In this paper, we derive a numerical scheme based on a general temporal mesh for the generalized time-fractional diffusion problem. The main idea involves the generalized linear interpolation. The stability and convergence of the proposed numerical scheme is established rigorously using energy method.

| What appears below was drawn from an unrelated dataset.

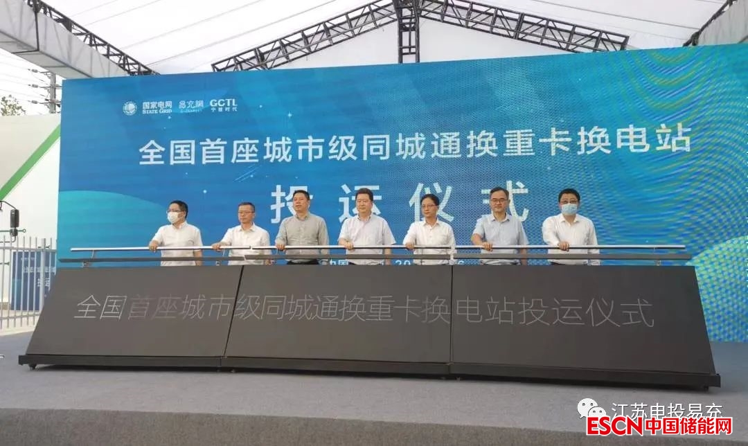 中國儲能網(wǎng)訊:2022年9月16日下午,全國首批“同城通換”重卡換電站投運儀式在南京市棲霞區(qū)普洛斯龍?zhí)吨乜〒Q電站內(nèi)隆重舉行,本次投運儀式由國網(wǎng)江蘇電動汽車服務有限公司、江蘇電投易充新能源科技有限公司、寧普易充(江蘇)新能源科技有限公司聯(lián)合主辦。來自國家、省、市政府主管部門、行業(yè)權威專家與研究機構、換電生態(tài)企業(yè)等代表約100人出席了此次活動。
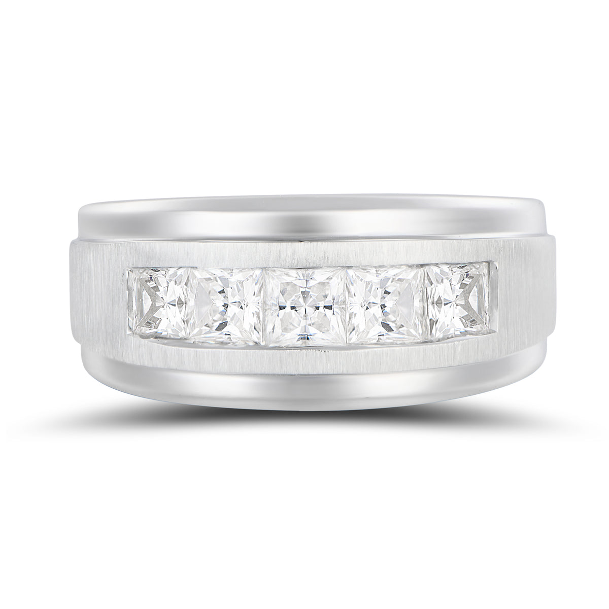 Bold and modern, this 14K white gold 5-stone ring showcases 2.00 carats total weight of princess cut lab-grown diamonds in a sleek channel setting. The clean lines and structured profile create a sophisticated look with exceptional brilliance and contemporary appeal.

More importantly, it is shown that the global convergence order is $O({\tau }_{z,max}^{2-\alpha }+h^2)$ that extends the previous work [9]. For future work, we plan to investigate (i) the validity of the proposed scheme for nonsmooth data; (ii) high order methods based on general temporal mesh and spatial mesh for generalized fractional problems with smooth as well as nonsmooth data. We believe this will make the numerical scheme more applicable in reality.